Lisbeth’s timidness in social interaction is understandable given her upbringing and past experiences, but her aloofness towards the effort and dedication of the people working to exonerate her annoys me. Lisbeth’s lawyer, Annika Giannini, experiences Lisbeth’s personality for the first time in this film. She expresses frustration over what she perceives as apathy towards those who are trying to help her, and that frustration is not unwarranted.
Lisbeth’s unique personality is one of the most intriguing aspects of the character, but while the first two films show evolution in how she interacts with others, this film keeps the character static. If you are going to tie up the series with a neat little bow and give the girl a satisfying resolution, why not show the maturity of the character as well?
Lisbeth Salander crushes the mold of the typical heroine. Her tragic past, peculiar personality, and aversion to social interaction deviates from many established conventions found in modern female main characters. Larson’s characters are unique and engaging, and this film trilogy challenges audiences with dark imagery and violence against women that is very difficult to digest.

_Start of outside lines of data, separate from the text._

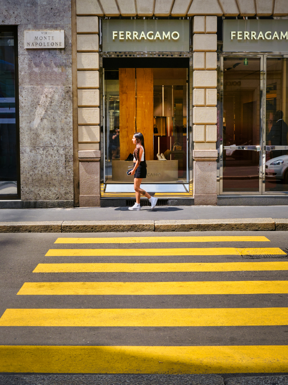 Strisce gialle (via Montenapoleone, Milano, 2023)
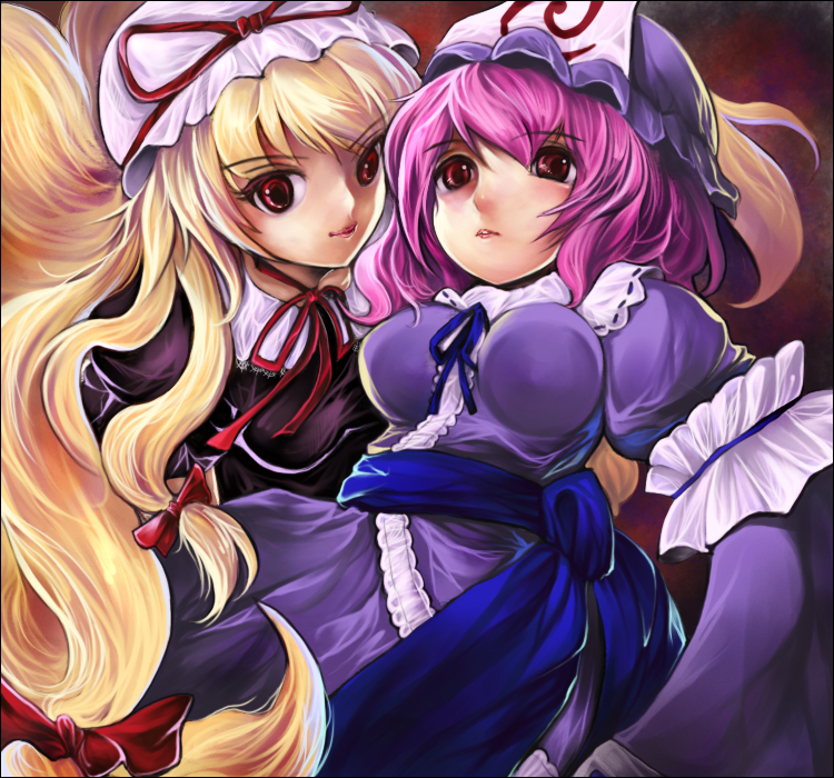 2girlsblonde hairbreastsfemale focushatlarge breastslong hairmultiple girlspink hairred eyesshort hair
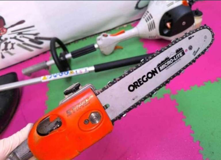 2 ATTACHMENTS - #1 - STRIMMER - NEW HEAD, #2 - SAW - NEW GUIDE BAR AND NEW CHAIN
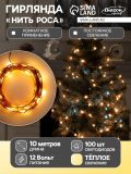 Гирлянда «Нить» 10 м роса, IP20, медная нить, 100 LED, свечение тёплое белое, 12 В
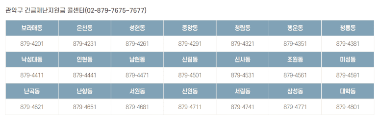 기간은 방문신청과 동일하고 관악구 행정동 별로 문의 및 신청을 하셔야 해서 각 주민센터별 전화번호를 남겨드리도록 하겠습니다.
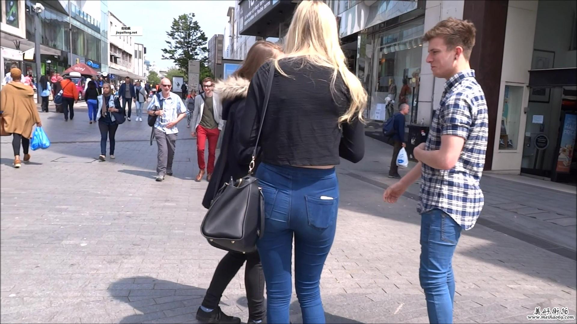 性感金发可爱洋妞紧身牛仔裤饱满丰臀[MP4/406M]
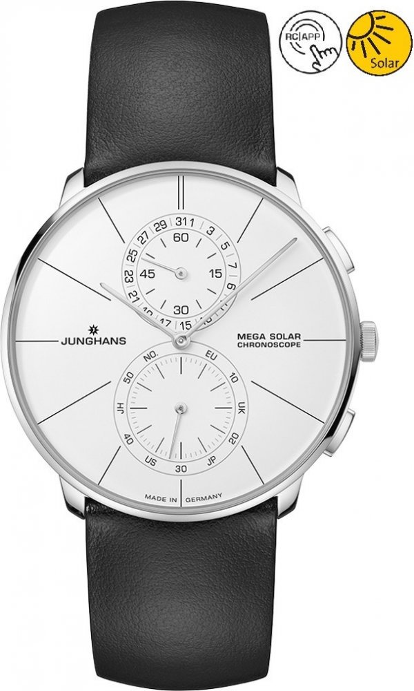 Junghans analogové kůže elegantní pánské solární pro běžné použití (30–50 m) 39.5 mm ocel 50 m solární 35 g safírové bez osazení Meister kulaté černá bílá trnová spona 2.1 cm na ruku německé bez číslic stříbrná ocel 3.95 cm střední pevná ocel 9.5 mm 9.5 mm s nenáročnou údržbou (quartz) s připojením k telefonu (Bluetooth/GPS)
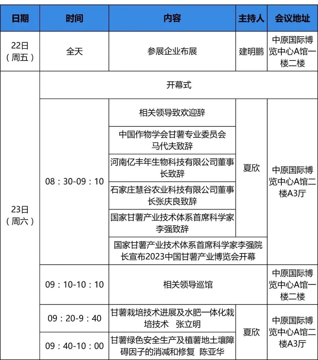 为不错过精彩,建议路程较远的参会朋友22日下午抵达郑州,2023年12月22日参展企业布展,23日上午8点30分博览会准时开幕,24日下午5点闭幕。
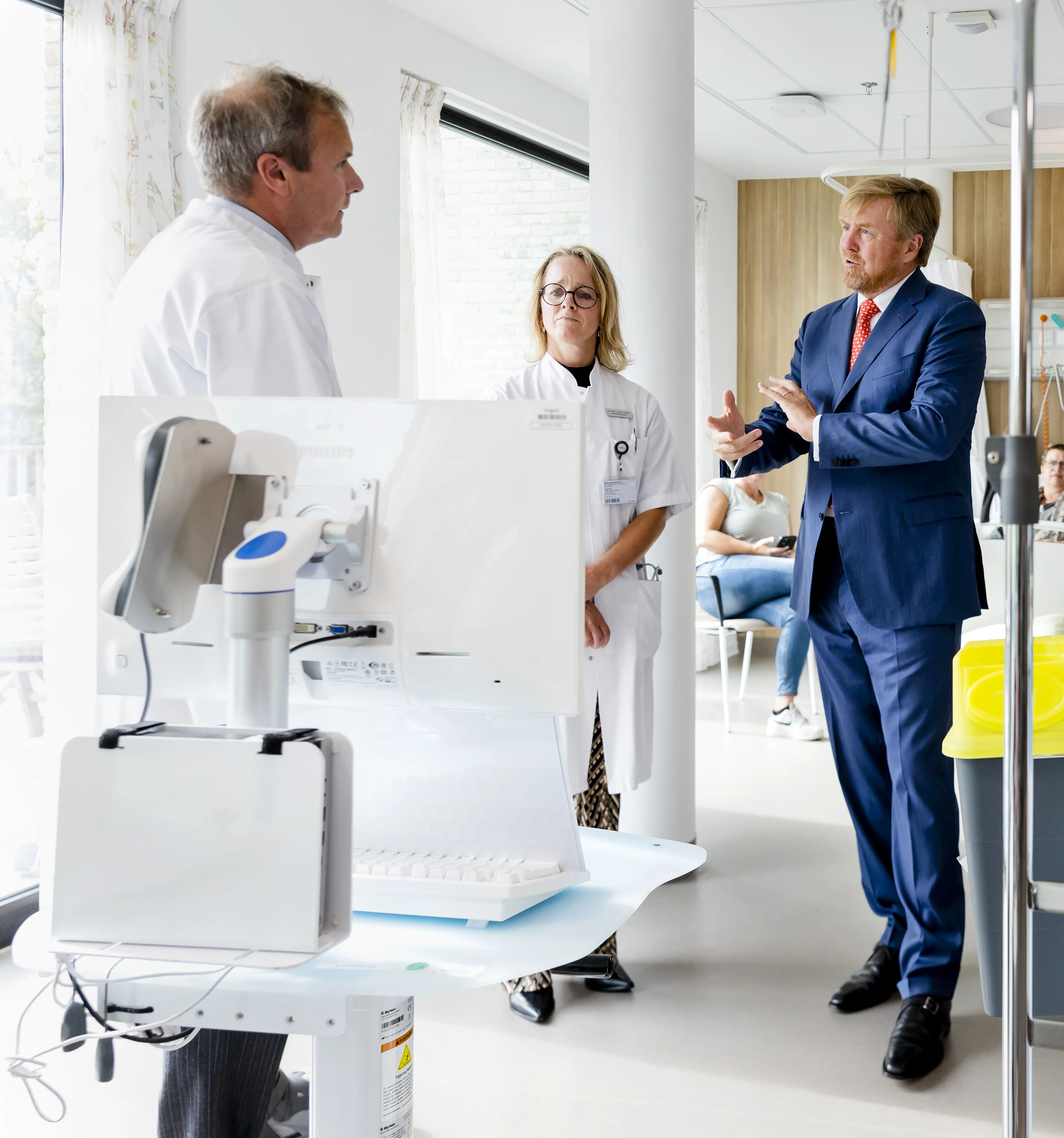Koning Willem-Alexander kreeg dinsdag onder meer een rondleiding door het ziekenhuis. Zo sprak hij er met medewerkers van de afdeling oncologie over het thuis organiseren van chemotherapie.
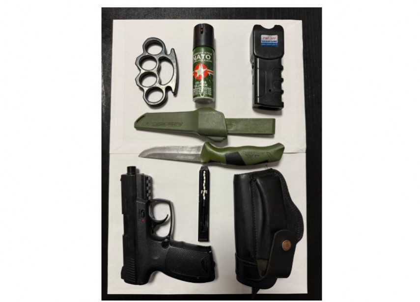 Forțele de ordine au procedat la interceptarea și legitimarea bărbatului, acesta prezentându-le jandarmilor mai multe obiecte pe care le avea asupra sa: un box, un spray cu substanță iritant-lacrimogenă, un dispozitiv cu electroșocuri, un cuțit cu lama de aproximativ 11 centimetri și lungimea totală de aproximativ 23 de centimetri și un pistol de tip airsoft, cu încărcător cu bile de plastic.
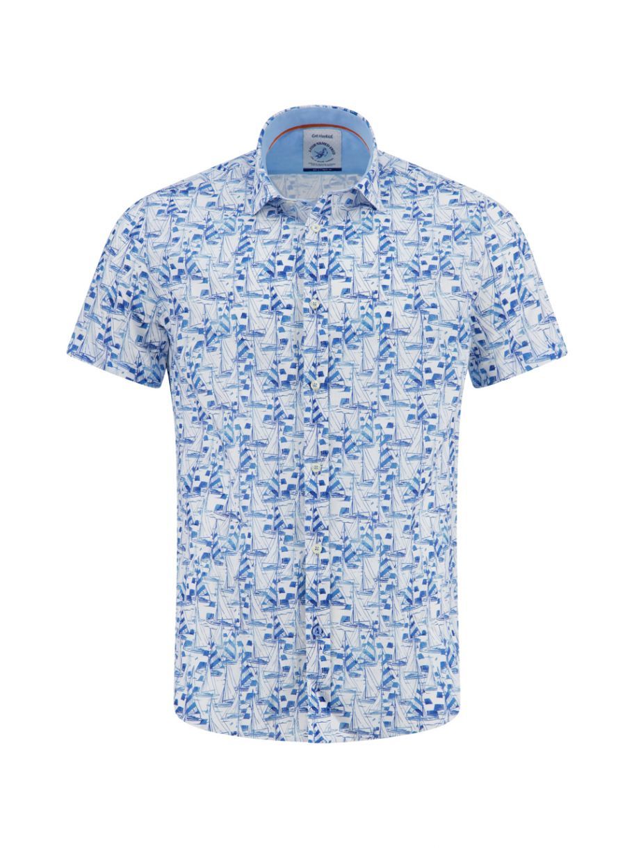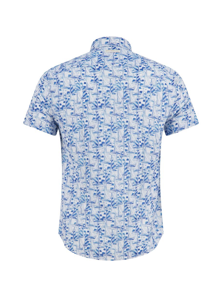 Chemise à manches courtes au style nautique et estival, animée par un imprimé de voiliers dans différentes nuances de bleu. Son tissu léger et sa coupe classique offrent un confort optimal, tandis que le motif dynamique apporte une touche fraîche et décontractée, parfaite pour les journées ensoleillées ou les sorties en bord de mer.
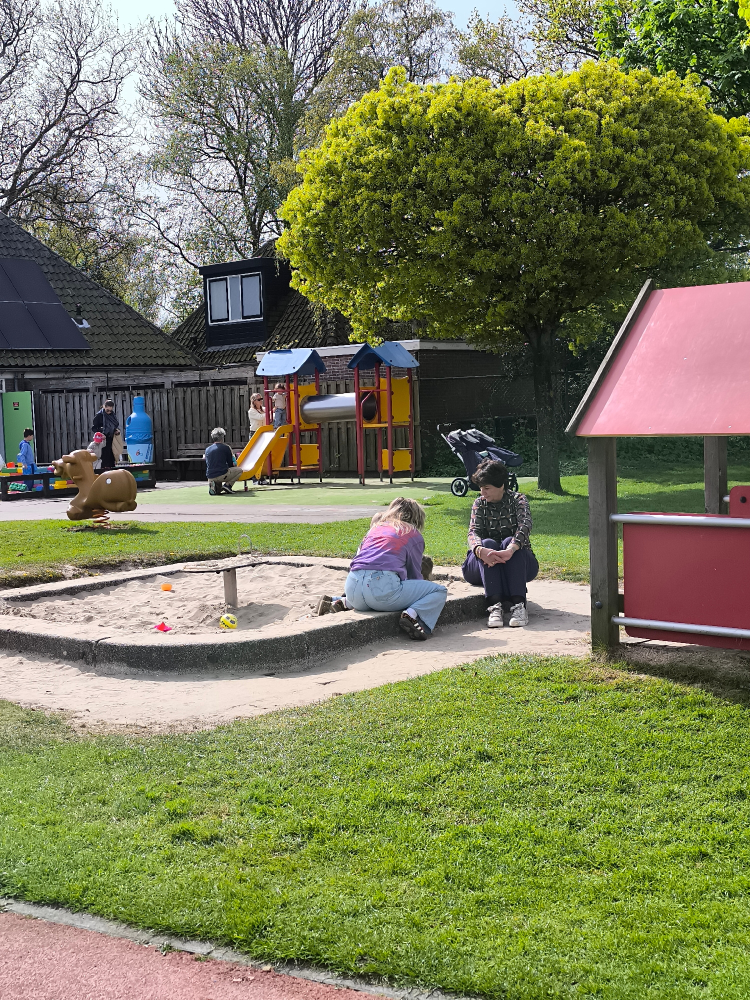 This image captures a vibrant, sunny day at an outdoor playground in Alkmaar, Netherlands. The scene is bustling with several people, including adults and children, engaged in recreational activities.…read more
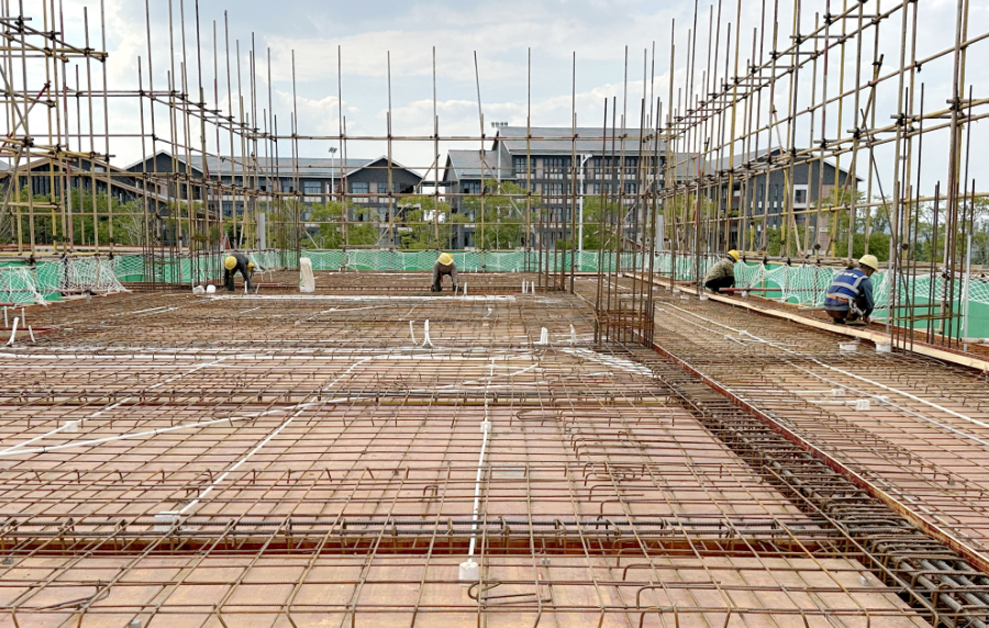 10月9日,位于遂宁高新技术产业船山园区内的遂宁市六中分校建设项目现场,100余名工人身着工作服,头戴安全帽,加紧进行钢筋绑扎作业,旋挖机、挖掘机、起吊机等大型机械设备紧张作业,地下车库桩基开挖、抗浮板施工等各项施工分区域同步展开。
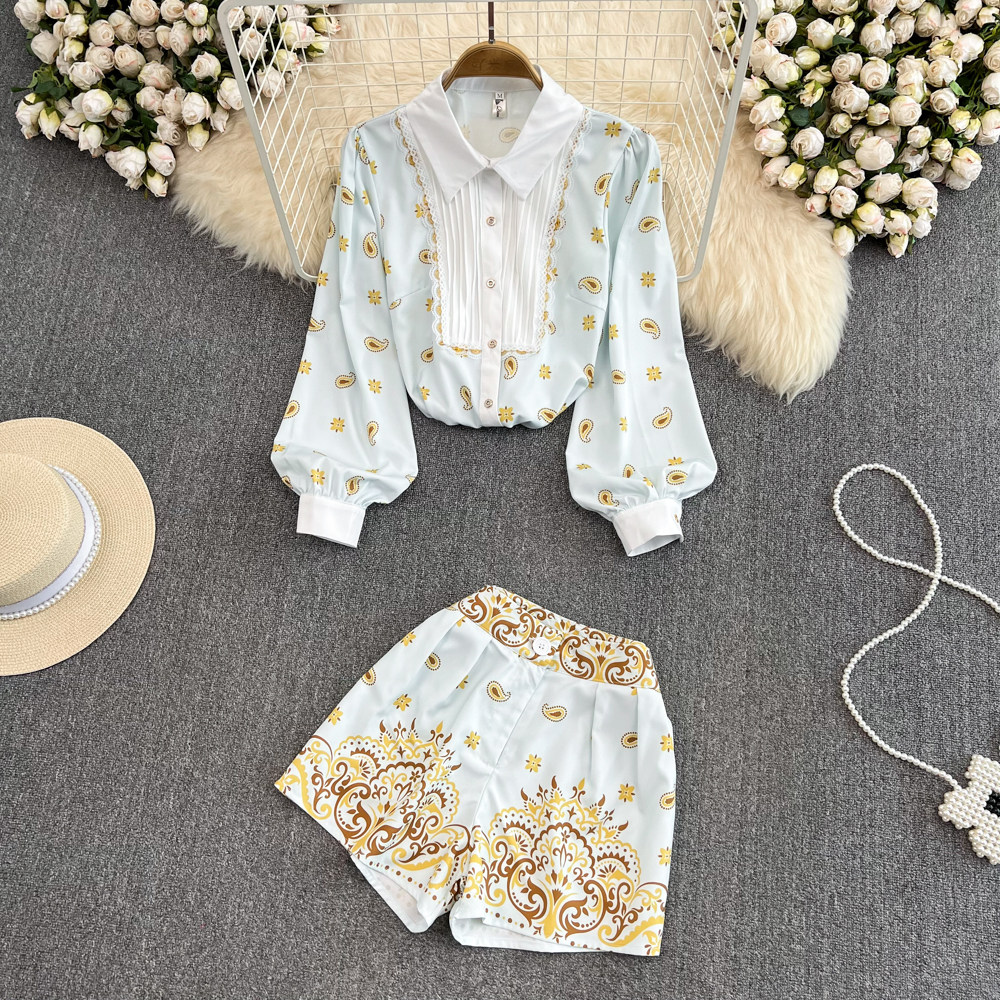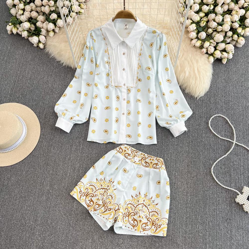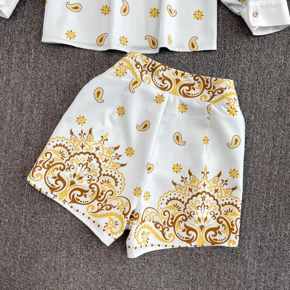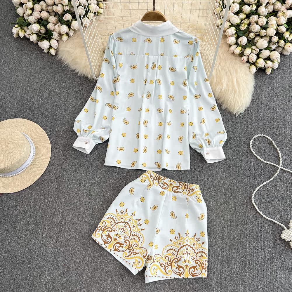 Комплект, лонгслив, рубашка, шорты, легкий роскошный стиль, свободный крой, высокая талия

The third film focuses less on issues in society and more on the fate of its main characters. The Girl with the Dragon Tatoo and The Girl Who Played with Fire are infinitely more thought-provoking than this film. Those films explore contemporary issues with a stunning realism. The Girl Who Kicked the Hornet’s Nest, however, leaves contemporary issues at the door in favor of a more traditional thriller construction.
While the third installment does not stand up quite as well as the first two films, it does bring some well-deserved peace to our beloved main characters. This film is still visually stunning and entertaining to watch despite its plot deficiencies. Noomi Rapace and Michael Nyqvist embodied their characters so well throughout the entire series, and do not dial back the intensity of their roles at any point. Noomi Rapace’s career took off after her brilliant portrayal of Lisbeth Salander, which is a just reward for playing such a tormented character for so long.